Он рано заговорил, и слова его с первого же дня не были милой нелепицей, как у прочих детей. Вопросы его ввергали прислугу в оторопь, а рассуждения пугали. Я же со смутным страхом следила, как растет он, в три года подобный пятилетнему, в пять – десятилетнему, и дивилась молча, что не замечают того же остальные.
– Принеси мне красное яблоко, недобрая королева, – встречал он меня по вечерам, не спуская с меня лукавого, испытующего взгляда, – самое красное из садов твоей матушки.
Но я никогда не рассказывала ему о яблоках и не знала, кто еще мог бы поведать ему о них. Гвинллед выпрашивал яблоко неустанно, но я отказывала, раз за разом: боялась увидеть кровь вместо сока на его лице, ведь я считала его подменышем. И чем непреклонней были мои отказы, чем жарче становились просьбы. Яблоки стали его наваждением, и это не могло не пугать.

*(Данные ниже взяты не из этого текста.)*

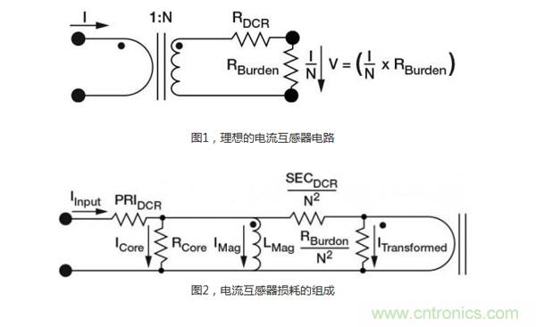 電流互感器(圖1)有三個突出優(yōu)點(diǎn):與線電壓隔離,無損測量電流,大信號電壓能很好地抵御噪聲。這種間接測量電流的方法要求用到變化的電流,例如交流電,瞬變電流或開關(guān)式直流電,來產(chǎn)生一個磁耦合到次級繞組里的變化磁場。次級測量電壓可以根據(jù)在初級和次級繞組間的匝數(shù)比實(shí)現(xiàn)縮放。這種測量方法被認(rèn)為是“無損的”,因?yàn)殡娐冯娏魍ㄟ^銅繞組時的電阻損耗非常小。但是,如圖2所示,由于負(fù)載電阻、芯損,以及初級和次級直流電阻的存在,互感器的損耗會導(dǎo)致失去一小部分能量。

Тогда я пыталась отвлечь его сказкой, и он кивал: «Как пожелаешь, недобрая королева».
Однажды я не вытерпела и спросила, захлопнув книгу:
– Почему ты зовешь меня недоброй?
Гвинллед невинно улыбнулся, словно спрашивала я о чем-то обыденном и скучном.
– Потому что ты слишком слаба, чтобы быть доброй, ведь нет никого, кто тебя бы любил, кто за тобой бы пошел. Это так смешно, правда? Ты заключена в кольцо, нерушимое и холодное, как железо: чтобы тебя любили, ты должна быть доброй, но чтобы ты могла позволить себе быть доброй, у тебя должны быть те, кто тебя любит, на кого ты могла бы опереться.
– Разве к тебе я не добра? – с укоризной спросила я, пряча от себя самой обиду. Королевич замер, широко распахнув глаза, словно заново распробовав вкус своих слов, и обнял меня, виновато пряча лицо в складках платья. Робко искрилась надежда, что и впрямь стыд коснулся его души, но горько нашептывало сомнение: он просто боится, что лишь старая Кейтлин останется с ним.
Огромного труда стоило мне в тот вечер закончить сказку и коснуться губами волос Гвинлледа перед сном. Мысли же долго возвращались к его словам, кружили вокруг них, как гончие вокруг добычи, не осмеливаясь приблизиться и растерзать. Голос его преследовал во снах меня неотступно. «Недобрая королева – это слабая королева», – звенело во снах, и леди из холма с беззвездными глазами и паучьими пальцами улыбалась мне из-за спины королевича.
А потом это прозвище настигло меня и наяву. Шептались слуги, ухмылялись за спиной придворные, и никто не осмеливался бросить прозвище, как дуэльную перчатку, в лицо. Пока не осмеливался.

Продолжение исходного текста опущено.